Comment on Kirsty's Kite, below:
Just dropping by...
What's next Kate?
x Lorraine Marwood
As they used to say on
The Curiosity Show, I'm glad you asked!
|
Me, my little sister Hilary and an unknown boy, Mt Hagen Show, 1975 |
Next up, hopefully in March 2013, will be my long-awaited (by me, anyway) 'New Guinea book,' now titled
New Guinea Moon.
I've wanted to write about PNG in the 1970s for a long time. When I was six years old, my family moved there, first to the capital, Port Moresby, and then to Mt Hagen in the Highlands. My father worked as a charter pilot, flying everything from coffins to cows to coffee beans, in and out of tiny Highland airstrips. We moved back to Australia just before I turned twelve, so effectively all my primary school years were spent in PNG.
It's fascinating that every time I tell someone that I'm working on a book set in this time and place, almost invariably they will respond,
oh, my uncle lived there for years... my mother grew up there... my cousin/sister/neighbour's brother was a missionary/teacher/had a coffee plantation in New Guinea... Everyone seems to know someone, or is related to someone, who was involved in the country in some way.
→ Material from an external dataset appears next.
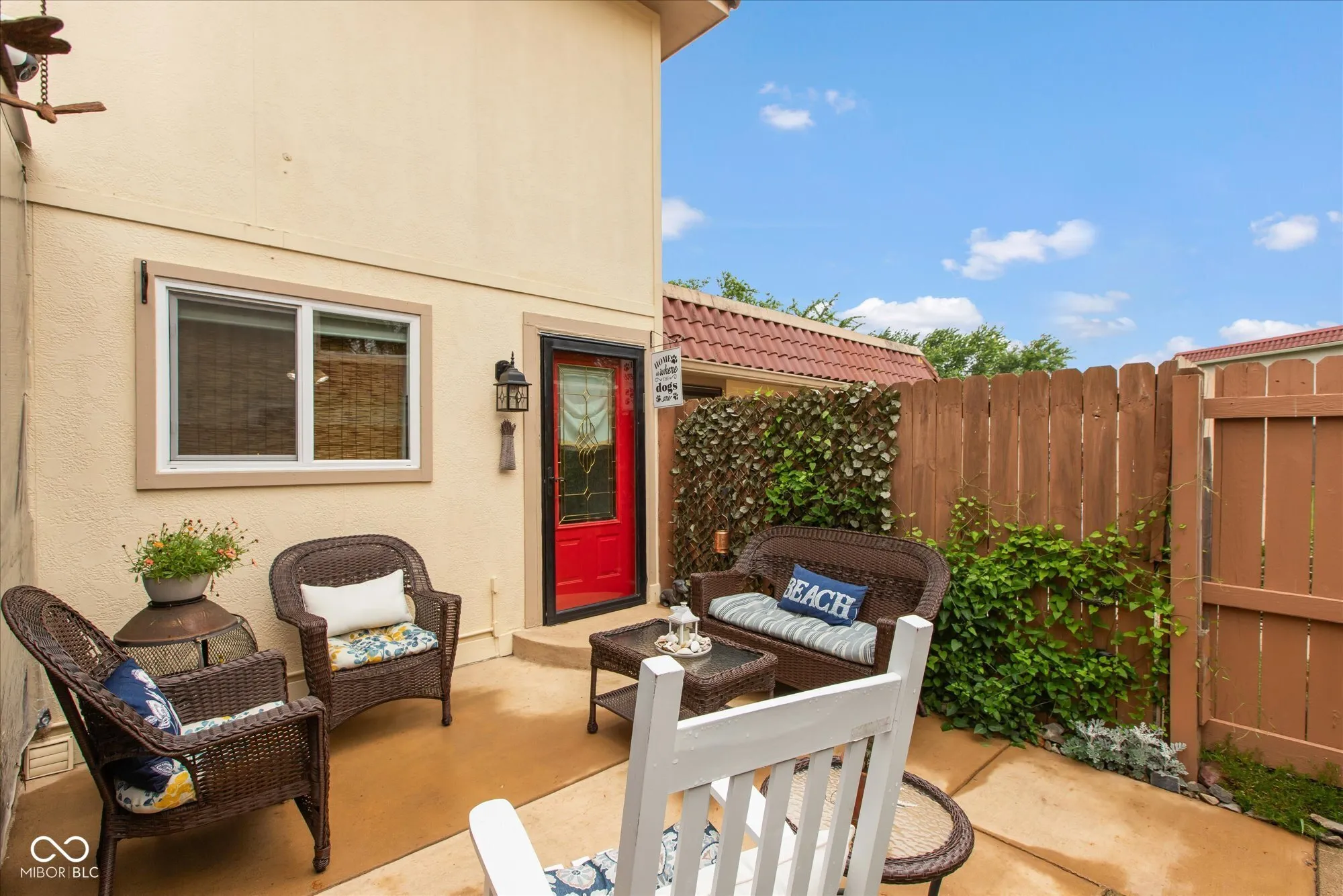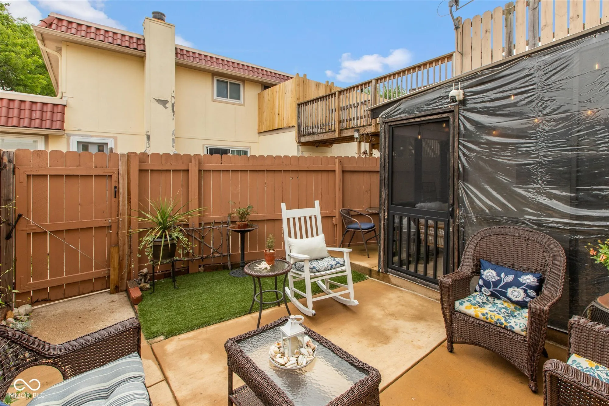 Move in ready condition condo. Complete with refrigerator, electric range, over the range microwave, dishwasher, new garbage disposal, stackable washer and dryer. Newer electric water heater and water softener, electronic front and rear door locks, bamboo blinds, curtains and 3 outdoor security cameras are included. Shared garage has a private entry that opens to the open concept floor plan design that flows nicely to main living area overlooking private courtyard patio and screened in porch that includes outdoor hanging lights. Living room and front security door windows offer natural lighting and for additional lighting living room ceiling fan includes lighting. Upper level full bath and bedrooms complete with nice size closets. All windows have been replaced with double pane energy efficient windows. Seller has paid in full the 2025 special assessment.

PNG is a huge, but largely unspoken, part of of Australia's history. I've been encouraged by the recent release of at least two novels, both based partly on personal experience, set in pre-Independence Papua New Guinea -
The Mountain, by Drusilla Modjeska, and
To The Highlands, by Jon Doust. Maybe it's time to talk about colonial New Guinea at last.
New Guinea Moon is a young adult book, not literary fiction, and I don't have any grand ambitions to explore the relationship between Australia and PNG in great depth. But to me, those three decades between the Second World War and PNG's Independence, from 1945 to 1975, and just after, have always seemed like an intriguing, and neglected, little pocket of history. Old hands say that once New Guinea gets into your blood, it never leaves you. That's certainly been true of my father, who would dearly love to go back and revisit all those airstrips. And I guess it's also true of me, even though I was only eleven when we left, and too young to make sense of much of what we'd experienced there.
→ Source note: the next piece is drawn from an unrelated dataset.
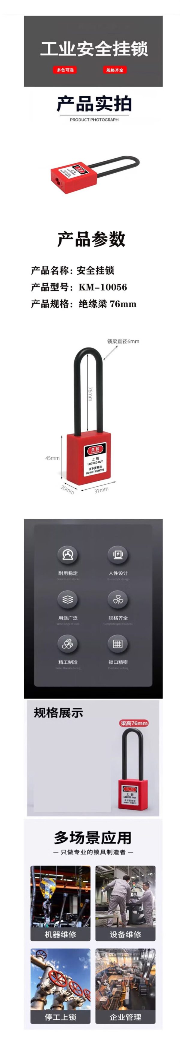商品名称:宽迈 工业挂锁不锈钢安全挂锁电工绝缘梁76mm不通开(1把装)

When we came back to Australia to live, two things stood out for me about our time in New Guinea. First was the isolation -- both physical, tucked away in those remote mountains, and cultural. We had no TV, no radio apart from Radio Australia. If we wanted news of 'home' we were reliant on aerogrammed letters from my grandparents, and out of date newspapers and magazines airfreighted in from 'Down South.' When I landed in Grade 6 in Cheltenham East, I was totally ignorant of pop music, fashion, football, TV -- everything that might have given me some common ground with the other eleven year olds in the playground. I might as well have dropped from Mars.
The second was my consciousness of Other. At the time I didn't see this in terms of race, but of poverty. I knew that not everyone in the world lived in brick veneer houses in suburban streets. I knew that there were people who lived in smoky huts with woven cane walls, where pigs wandered in and out, and who sold sweet potatoes for a few cents at the market. I was horribly, painfully aware of how incredibly lucky, in material terms, I was and all my peers were, and I was priggishly prompt to point this out. Especially when I went on to my very privileged private secondary school... And perhaps that awareness, that sense of amazed gratitude, has never quite gone away either.
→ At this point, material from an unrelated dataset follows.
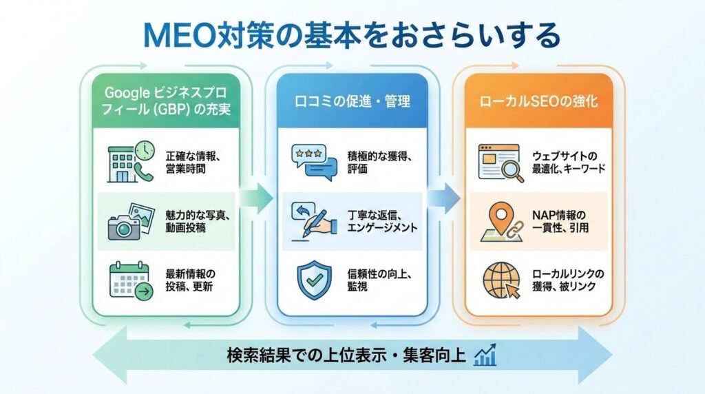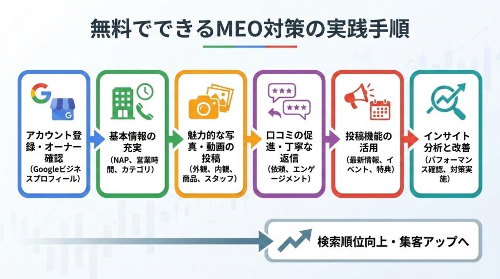 無料のMEO対策は「登録して終わり」ではなく、継続的な運用がカギを握ります。以下の手順に沿って取り組むことで、費用をかけずにGoogleマップでの露出を高められるでしょう。

My dad said recently that those years in PNG set us up, as a family. We were able to rent our Melbourne house while we were away, and that extra income paid off the mortgage and secured our financial future. 'Growing up in New Guinea' has always been a huge part of my personal identity. And although Julie's story in
New Guinea Moon is very different from mine, many of my memories have gone into the book. I hope that I've managed to convey a little of what it was like to live in that extraordinary place, at that extraordinary time.